Merging and demerging are neutral corporate actions, impact depends on the long term plans of major shareholders. Both CMT and CCT are defensive REITs which could generate steady passive incomes (about 5-6% dividend yield, depending on the share prices). However, the growth is slow (but steady), therefore an investor may position as a defender while diversifying capital over a portfolio of other giant stocks including mid-fielders (eg. growth stocks) and strikers (eg. cyclic stocks or momentum stocks).

When CMT and CCT are merged, would form a new stock, CICT with only 1 stock. Therefore, 30 STI index component would invite the next reserve stock, Keppel DC Reit (SGX: AJBU) which is also a REIT but much stronger growth.  The best time to buy a growth stock is usually during global stock crisis (eg. COVID-19 pandemic) with great fear in the market but business continues to make money each month.

=====================================

A smart investor may carefully design a portfolio of global giant stocks (defenders, mid-fielders, strikers) while an experienced trader may take action following the trend with S.E.T. (Stop Loss, Entry, Target Prices) in trading plan.

Drop by Dr Tee free 4hr webinar (learning at comfort of home with Zoom) to learn how to position in global giant stocks during COVID-19 stock crisis with 10 unique stock investing strategies, knowing What to Buy, When to Buy/Sell.

Zoom will be started 30 min before event, bonus talk (Q&A on any investment topics from readers) for early birds. There are many topics we will cover in this 4hr webinar, Dr Tee can have more time for Q&A if you could stay later after the webinar.

Dr Tee will cover over 20 case studies, Singapore giant stocks, eg. CapitaLand Mall Trust (SGX: C38U), Singapore Exchange (SGX: S68), Keppel Corp (SGX: BN4), Top Glove (SGX: BVA), Jardine Matheson Holdings JMH (SGX: J36), Vicom (SGX: WJP) and many others, Malaysia giant stocks, Hong Kong giant stocks and US giant stocks, both long term investing and short term trading.

There are limited tickets left for this 4hr free webinar, please ensure 100% you could join when register: www.ein55.com


Singapore and Malaysia National Giant Stocks (国庆财股)

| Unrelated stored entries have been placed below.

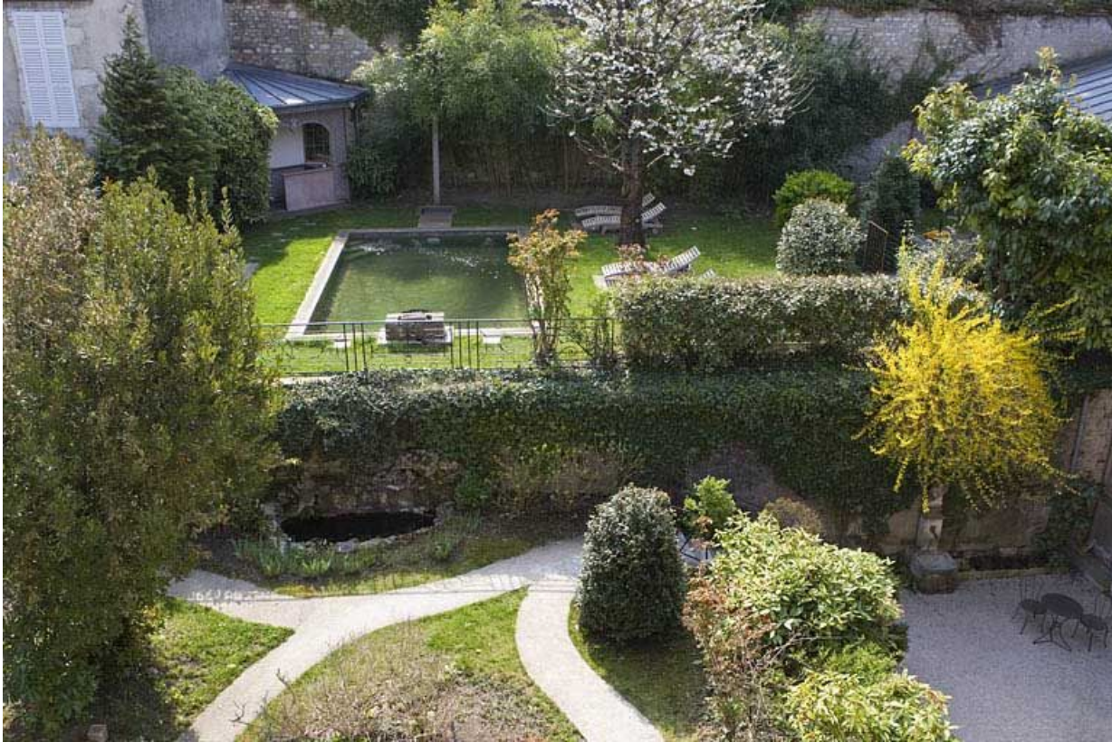
Vue d'ensemble du jardin depuis le premier étage du logis.

25, Besançon, 3 rue du Chapitre, lieudit : îlot Chapitre
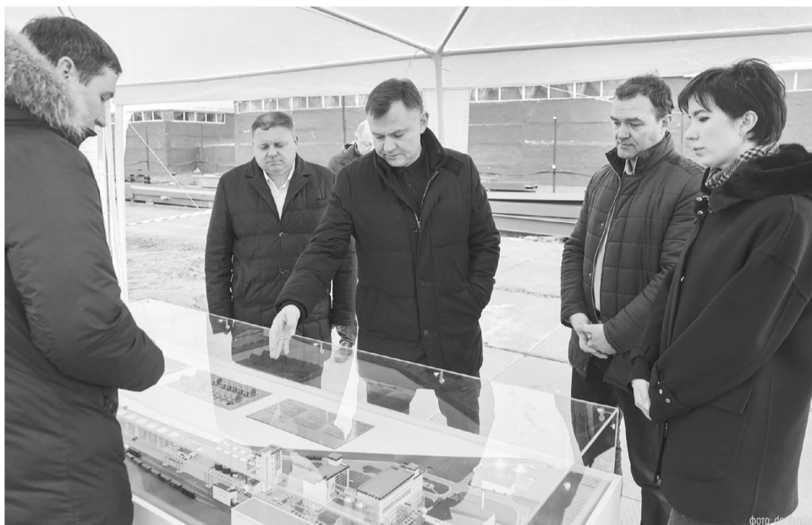
Развитие производства в районах Ростовской области – это вклад в развитие экономики всей области
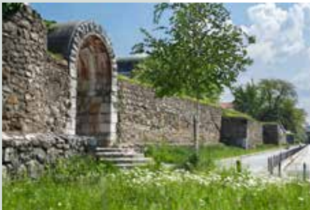
Ohranjeno in po načrtih arhitekta Plečnika nadzidano emonsko obzidje na Mirju, pogled z zahodnega vogala proti vzhodu.

razprostirala obsežna pokopališča, razen proti jugu, kjer je bil teren zamočvirjen.
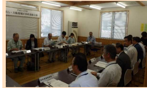
民有林行政との連絡会議

民有林と連携した森林整備を進めるため、各種会議、現地検討会を共同で開催しています。
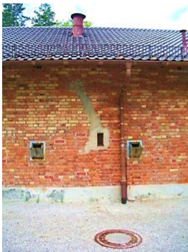
Фото 13: Два отверстия локтов для подачи Циклона.
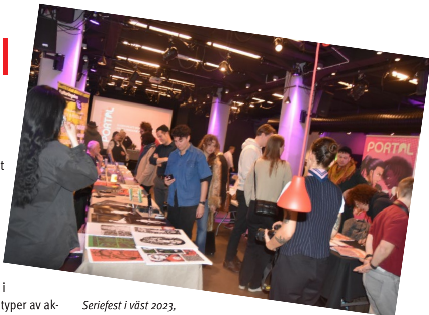
Seriefest i väst 2023

Det hölls workshops på en rad platser, utställningar, biblioteksprogram med läsfrämjande insatser, skolprogram, en akademisk dag, scenprogram och marknad och Pecha Kucha (en föreläsningsform som nyttjar bildberättande) med serietema. Vi genomförde också en serietävling på temat "Lärande".
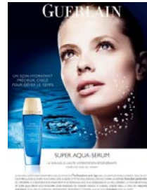
2008年 「スーパー アクア セロム N」
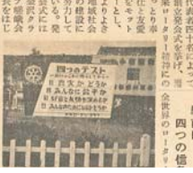
認証式と観光遊覧 小松

この認証式は、ロータリークラブの活動を通じて、社会の発展と人々の幸福に貢献することを目的として、一九一九年に創立された。その活動の中心は、慈善事業、教育事業、職業訓練事業、青少年指導事業、社会福祉事業、国際親善事業、文化交流事業、観光事業、スポーツ事業、その他多岐にわたる。その活動の成果は、社会の発展と人々の幸福に大きく貢献した。

Singapore Stocks DBS OCBC Singtel UOB

Both Singapore and Malaysia celebrate National Day in the month of August. It is timely to share the 4 National Giant Stocks in each country which preserve the national wealth. Learn from Dr Tee on how to position these stocks during COVID-19 stock crisis.

4 Singapore National Stocks:

1) DBS (SGX: D05)

2) Singtel (SGX: Z74)

3) OCBC (SGX: O39)

4) UOB (SGX: U11)

4 Malaysia National Stocks:

1) Maybank (Bursa: 1155)

2) Top Glove (Bursa: 7113) / (SGX: BVA)

3) Hartalega (Bursa: 5168)

4) Public Bank (Bursa: 1295)

Stock market is a hidden way to preserve and grow the national wealth. For Singapore SGX, there are 30 large cap stocks in STI Index (^STI), which can be sorted below by size of market cap (share price x number of shares) with ROE (Return on Equity):

No       Name  / Market Cap(M) (ROE, %)

1          DBS Bank (SGX: D05) 52304 (12.3)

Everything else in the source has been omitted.